Figure 6.

Nucleolar and kinetochore pools of FP-PP1γ show rapid turnover rates. Live HeLa^EYFP-PP1γ cells were subjected to FRAP experiments in which a specific pool of EYFP-PP1γ was photobleached and recovery of fluorescent signal monitored over time. For the interphase HeLa^EYFP-PP1γ cell shown in A–C, a nucleolus (hashed circle/arrow) was photobleached, whereas a nonbleached nucleolus (circle/arrow) was monitored for comparison. The signal recovered by ∼50% in 9 s (C). The experiment was repeated three times, and a plot of signal recovery over time for a bleached nucleolus normalized to a nonbleached nucleolus in the same cell is shown (G; □), with each time point presented as mean relative intensity ± SD. For the metaphase HeLa^EYFP-PP1γ cell shown in D–F, a kinetochore region (hashed circle/arrow) was photobleached, whereas a nonbleached kinetochore region (circle/arrow) was monitored for comparison. The signal showed an apparent full recovery by 9 s (F).

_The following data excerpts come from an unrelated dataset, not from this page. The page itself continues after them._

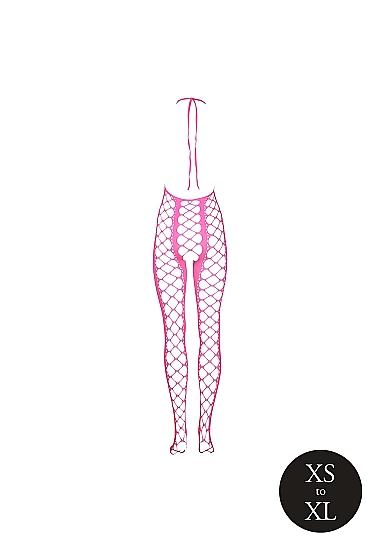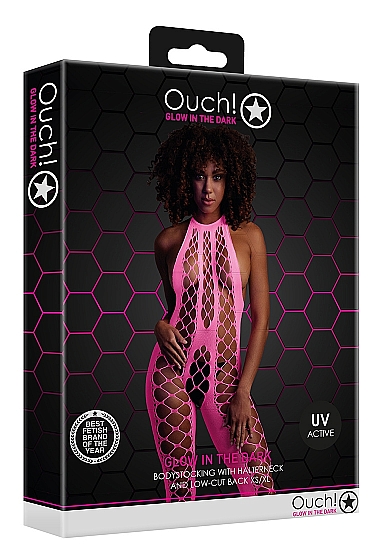 OUCH! - Glow in the dark - Bodystocking med Halterneck- Rosa XS/XL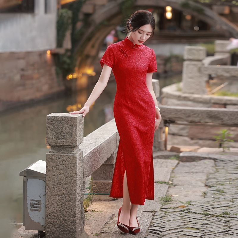 Gaya baru musim panas ujian pertunangan nasional jacquard panjang merah temperamen pelangsing pesta pernikahan cheongsam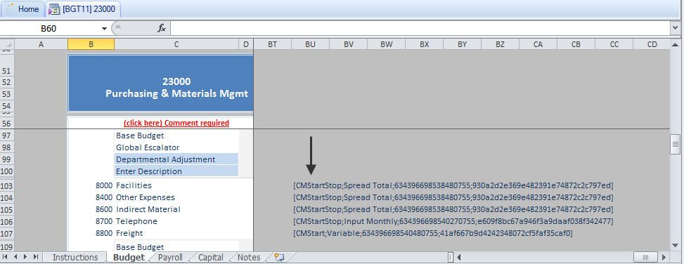 This example is for a single-row calc method named Input Monthly. For multiple-row calc methods, there are separate [CMStart] and [CMStop] tags.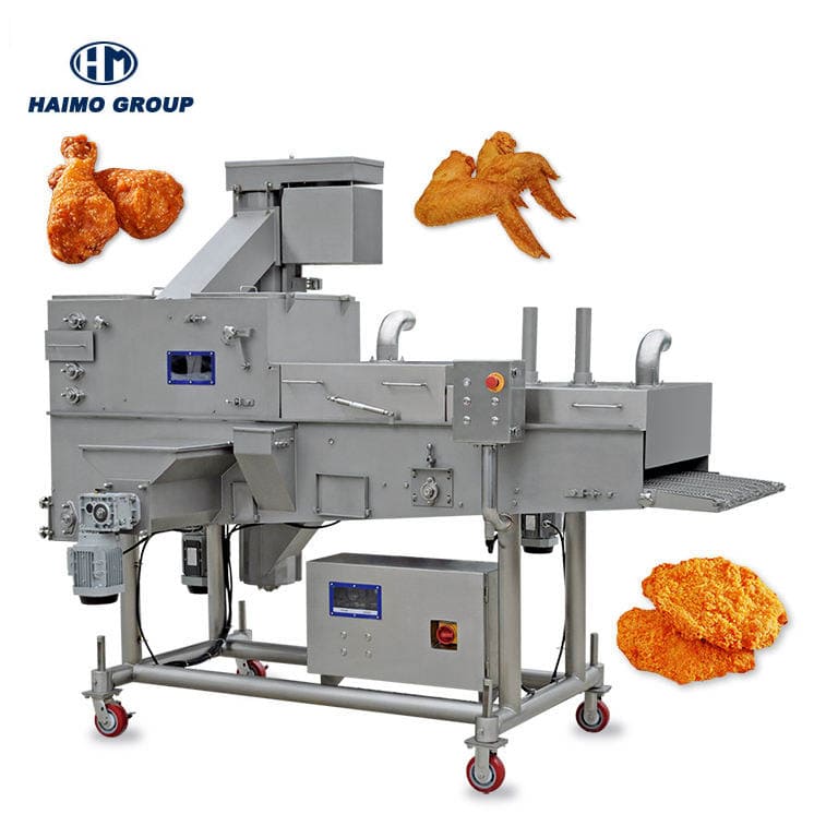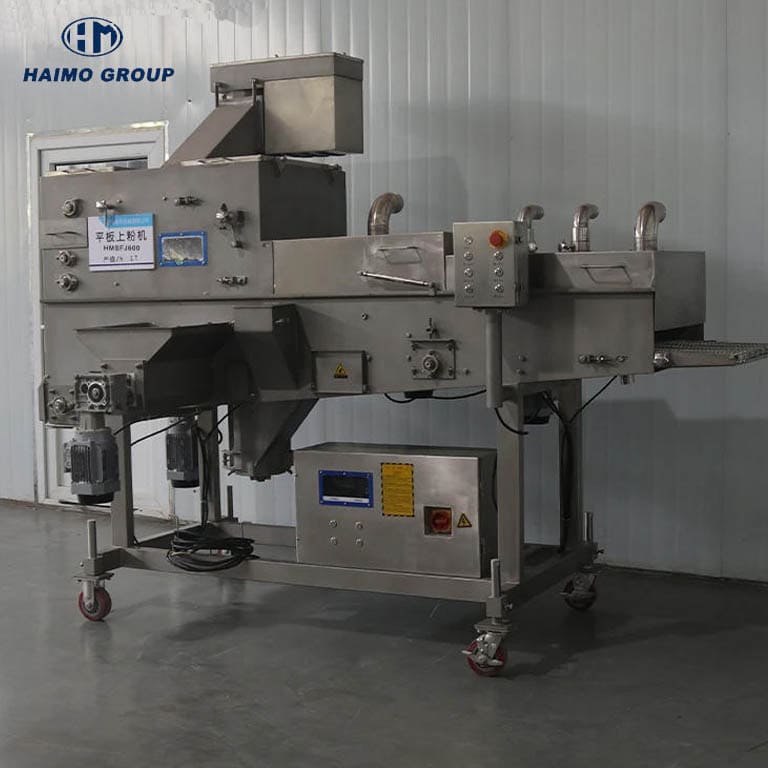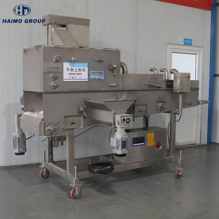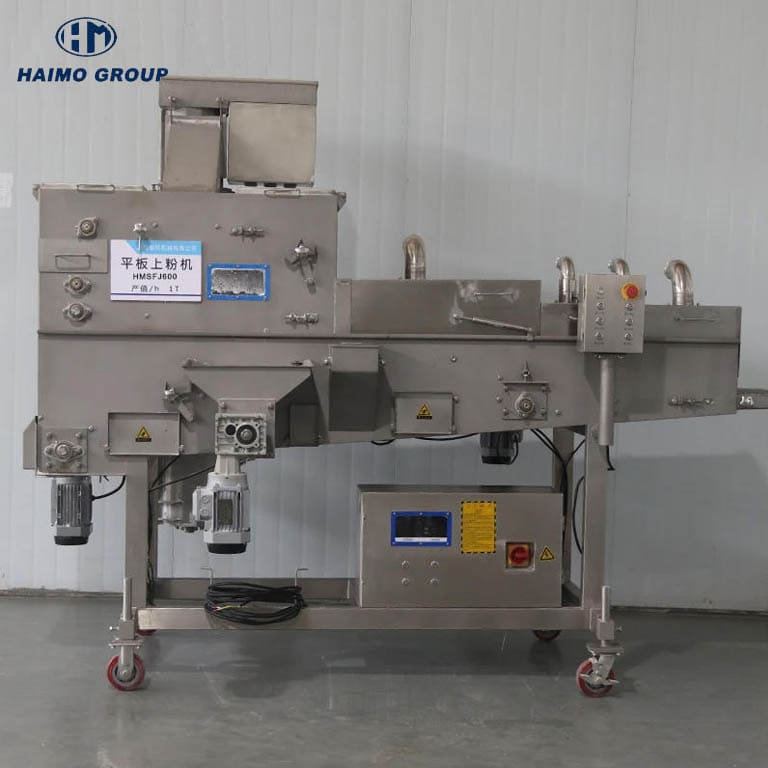 1. Predusting | HMSFJ Flouring Machine | Applies dry base layer for adhesion |

The experiment was repeated five times, and a plot of signal recovery over time for a bleached kinetochore normalized to a nonbleached kinetochore in the same cell is shown (G; ▪), with each time point presented as mean relative intensity ± SD. Similar recovery kinetics were observed for this intracellular pool when HeLa^EYFP-PP1γ cells were treated with monastrol to inhibit the Eg5 mitotic kinesin (G; ●, n = 3), with nocodazole to disrupt microtubules (G; ▴, n = 4) or with taxol to release tension on kinetochores (G; ♦, n = 4). Scale bars, 10 μM.